Patients with conductive or mixed hearing loss become candidates for amplification when reconstructive surgery is not viable. Three common amplification options are conventional acoustic devices, such as behind-the-ear devices (BTEs), (implantable) bone-conduction devices and active middle ear implants. The goal of amplification is to make speech audible so that the listener can understand speech while avoiding unpleasant sound levels. This article examines the audiological capacity of these amplification options, in other words, how effective are the different devices in amplifying speech?
Air-conduction versus bone-conduction devices
In principle, devices using the air-conduction or bone-conduction route are amplification options for most patients with conductive or mixed hearing loss. Although hearing via bone conduction is possible, it is not as effective as hearing via air conduction. In 1981, Skoda-Türk and Welleschik showed that the air-conduction route is approximately 50 dB more effective than the transcutaneous bone-conduction route [1].
Figure 1: Schematic drawing of the percutaneous Baha bone conductor (Figure 1A; Cochlear BAS, Göteborg, Sweden) and the transcutaneous Sophono bone conductor (Figure 1B; Sophono Inc., Boulder, USA).
A new effective bone-conduction transducer was developed in the mid 1980s. This transducer, part of the bone anchored hearing aid (Baha) bone conductor, was coupled directly to the skull by means of a skin-penetrating implant anchored in the skull bone (Figure 1A). As shown by Hakansson et al. this new percutaneous bone-conduction route is approximately 15 dB more effective than the transcutaneous route [2]. Combining Hakansson et al’s finding with that of Skoda-Türk and Welleschik suggests that the percutaneous route is 35 dB (50-15 dB) less effective than the air-conduction route. In other words, if the Baha is used instead of a BTE device, the first 35 dBs are ineffective (or ‘lost’). However, if the hearing-impaired subject has an air-bone gap of 35 dB, first of all, the BTE has to compensate for that 35 dB air-bone gap in contrast to the Baha device. This suggests that percutaneous bone-conduction devices like Baha are the most effective for patients with an air-bone gap exceeding 35 dB and that BTE devices are most effective if the air-bone gap is below 35 dB. This 35 dB ‘cross-over’ point has been validated in patients by de Wolf et al. [3].
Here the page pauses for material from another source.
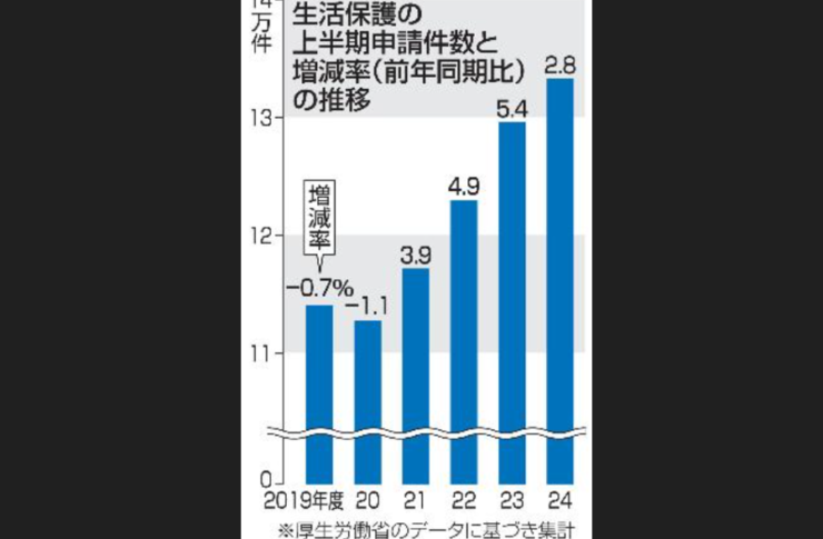 【2024年度上半期】長引く物価高で「生活保護申請が前年同期比で2・8%増の13万3274件。コロナ禍を上回る」
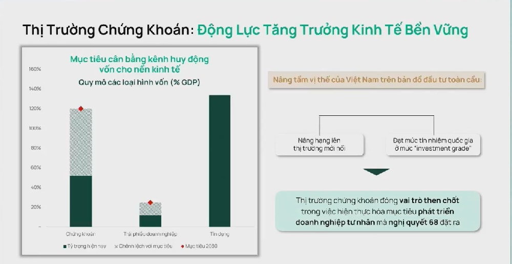 Theo chuyên gia Dragon Capital, thị trường chứng khoán đóng vai trò then chốt trong việc hiện thực hóa mục tiêu phát triển doanh nghiệp tư nhân mà Nghị quyết 68 đặt ra.

Transcutaneous versus percutaneous bone conductors
In the case of malformed, atretic ears or chronically diseased middle ears, BTEs cannot or should not be used, so, bone conductors remain. Carlsson and Hakansson studied the amplification and output of the percutaneous Baha device, the most effective type of bone-conductor on the market at the time [4]. They showed that the maximum power output (MPO), or the loudest sound that could be produced before the device saturated, was just below 70 dB HL. This value is the same for current digital Baha devices (the BP100; Cochlear BAS, Göteborg Sweden). Furthermore, Carlsson and Hakansson reported that the noise floor of the Baha was below 0 dB HL and thus inaudible.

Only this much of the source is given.